Facebook warns growth will slow after posting strong quarter, shares fall

Mark Zuckerberg speaking during an event at the Facebook headquarters in Menlo Park, California.
Mark Zuckerberg speaking during an event at the Facebook headquarters in Menlo Park, California.PHOTO: EPA

NEW YORK (REUTERS) - Facebook Inc shares tumbled more than 7 per cent in after-hours trading on Wednesday (Nov 2) after the company warned that revenue growth would slow this quarter, offsetting strong earnings that handily beat Wall Street estimates.

In a call with analysts, Facebook chief financial officer David Wehner said ad growth would likely slow "meaningfully" due to limits on "ad load", or the number of ads that Facebook can put in front of customers without alienating them.

He also said 2017 would be a year of aggressive investment that will see a substantial increase in expenses.

Facebook shares were down 7.7 per cent in after hours trading, at US$117.35.

"They have reached the limit of the ad frequency on news feed, so they are going to have to find revenue growth from other areas like pricing, user engagement, user base growth," said Mr Josh Olson, an analyst at Edward Jones.

However, he said investment in the business should benefit Facebook in the longer term. "We have been down this road before with Facebook, they have invested something like this in mobile and we have seen it pay off. So we are looking at it as an opportunity," said Mr Olson.

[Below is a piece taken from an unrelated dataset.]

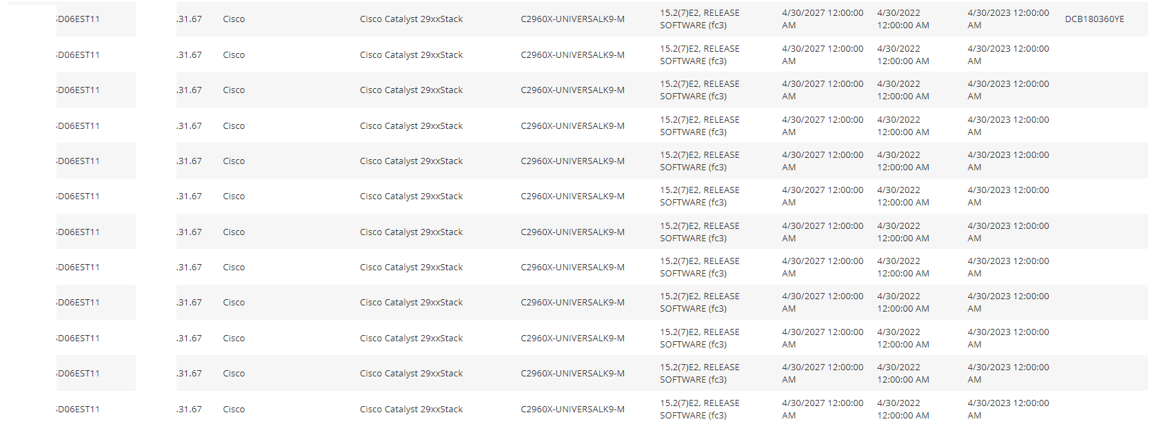 SELECT [Nodes].NodeCaption , [Nodes].AgentIP , [Nodes].Vendor , [Nodes].MachineType , [Nodes].OSImage , [Nodes].OSVersion , [Nodes].EndOfSupport , [Nodes].EndOfSales , [Nodes].EndOfSoftware , [Device].SerialFROM Cirrus.Nodes AS [Nodes]LEFT JOIN Cirrus.EntityPhysical AS [Device] ON [Nodes].NodeID = [Device].NodeID

While the warning about the fourth quarter sent some investors running, by most metrics the company beat analysts' expectations on torrid mobile ad growth.

Mobile ads accounted for 84 per cent of Facebook's total advertising revenue of US$6.82 billion in the third quarter that ended Sept 30, compared with 78 per cent a year earlier.

The company is also reaping the benefits of a big push into video, both on Facebook itself and on the Instagram photo app.

Facebook reported a 55.8 per cent rise in quarterly revenue, to US$7.01 billion, beating analysts' average estimate of US$6.92 billion, according to Thomson Reuters I/B/E/S.

Excluding items, the company earned US$1.09 per share. On that basis, analysts had expected 97 cents per share.

Facebook said about 1.79 billion people were using its site monthly as of Sept 30, up 16 per cent from a year earlier.

The strong numbers come as Facebook has struggled in recent months to combat allegations that it unfairly removes certain content on its service, and news in September that the company had for years overestimated how it calculates the average time users spend watching video.